Researchers uncovered a variation in a nicotine-receptor gene that is far more common among smokers than in those who have the occasional cigarette, according to a report in the journal Addiction. People with the genetic mutation were also eight times more likely to have had a positive first experience with smoking, such as a pleasurable buzz that encourages further use.

The findings are particularly alarming because the same receptor has been linked to increased rates of lung cancer in previous research, according to the founder of the University of Michigan’s Nicotine Research Laboratory, Ovide Pomerleau. The gene variation helps ensure the first cigarette is pleasurable, increasing the chances of addiction and raising the risk of lung cancer, he said.

“It’s a triple whammy,” Mr. Pomerleau said in a telephone interview. “This puts the biology, genetics, behavior, and traits of addiction together with one another. In the hands of a medical geneticist, this could be used to identify families that are at extremely high risk and encourage the young people to not even experiment.”
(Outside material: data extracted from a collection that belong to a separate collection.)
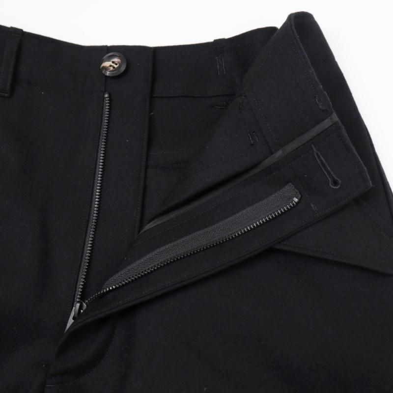 ダイナミックなワイドシルエットですが、リラクスオリジナルのフランネルウールを使用することでしなやかなハリのあるドレープが生まれ、
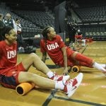 - Team USA warm up ahead of their college tour matchup against the Oregon Ducks. (Eric Evans/NBA/Getty Images)
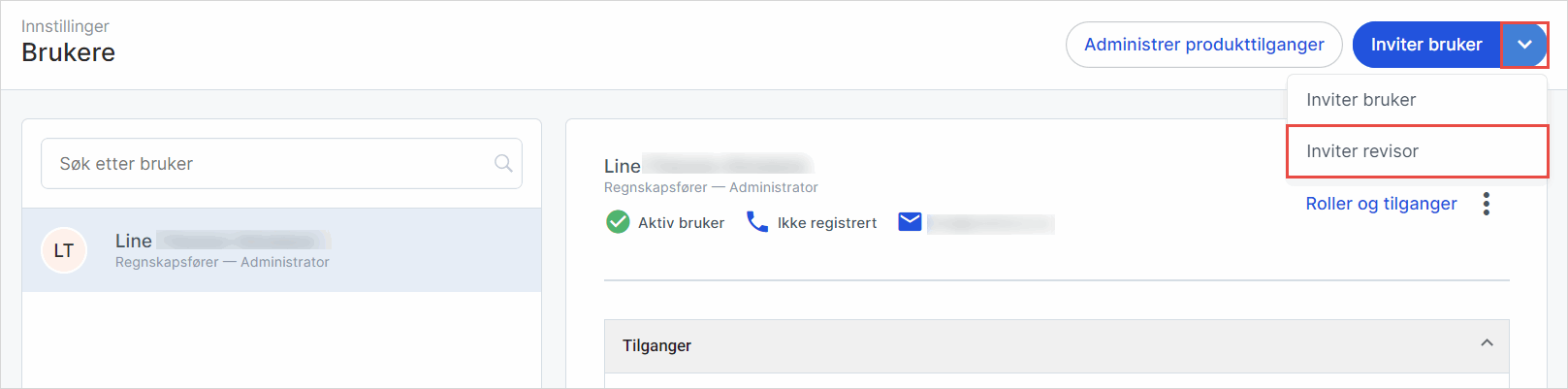 2. Klikk på pilen til høyre ▼ for knappen Inviter bruker.

A study released July 10 in the journal Public Library of Science found white smokers with certain gene mutations who tried cigarettes before age 17 were up to five times more likely to become addicted as those without the defect.

Prostrate Screening in Elderly Men May Cause More Harm Than Good, Task Force Says

Doctors should stop routine prostate cancer screening of men over 75 because there is more evidence of harm than benefit, a federal task force advised last week in a new blow to a much-scrutinized medical test.
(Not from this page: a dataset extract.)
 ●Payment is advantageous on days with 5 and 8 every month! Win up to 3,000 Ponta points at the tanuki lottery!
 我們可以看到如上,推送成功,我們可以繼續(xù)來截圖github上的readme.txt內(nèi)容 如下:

The U.S. Preventive Services Task Force, which made the recommendation, reported finding evidence that the benefits of treatment based on routine screening of this age group “are small to none.” However, treatment often causes “moderate-to-substantial harms,” including erectile dysfunction and bladder control and bowel problems, the task force said.

The new guidance is the first update by the task force on prostate cancer screening since 2002. The last report on the subject from this panel of experts, which sets the nation’s primary care standards, concluded there was insufficient evidence to recommend prostate screening for men of all ages.

Centers for Disease Control To Use Gift Cards To Spur HIV Education

Desperate for a way to stop the escalating spread of HIV among young gay men, public health officials are looking to novel strategies, such as enlisting local gay opinion leaders to urge their peers to practice safe sex.

Promising signs from such a project in North Carolina led the Centers for Disease Control and Prevention to begin rolling it out on a broader scale, to more than 200 community groups. The budget is $1.5 million over a two-year period.

The idea is to give gift coupons to popular, influential men in the gay community and encourage them to talk up condom use, regular HIV testing, and other responsible actions.

It may sound frivolous, but little else has proven effective for the men most affected by the epidemic.

Last week, new figures showed still-rising HIV infections in gay and bisexual men, with about 53% of new cases in that group. Meanwhile, HIV rates among injection-drug users and heterosexuals is declining.

The CDC says it’s also committed $5 million to a five-year social marketing campaign to promote HIV testing to young black gay and bisexual men, who have been diagnosed with HIV at especially high rates.

“The CDC is committed to ensuring that its resources are going to the populations hardest hit by the epidemic,” the acting director of the CDC’s Division of HIV/AIDS Prevention, Richard Wolitski, said.

The new approaches are an encouraging sign of help, but the funding behind them doesn’t come close to raising prevention spending to the level most experts say it should be, executive director of the National Alliance of State and Territorial AIDS Directors, Julie Scofield, said.

“It’s a drop in the bucket,” she said.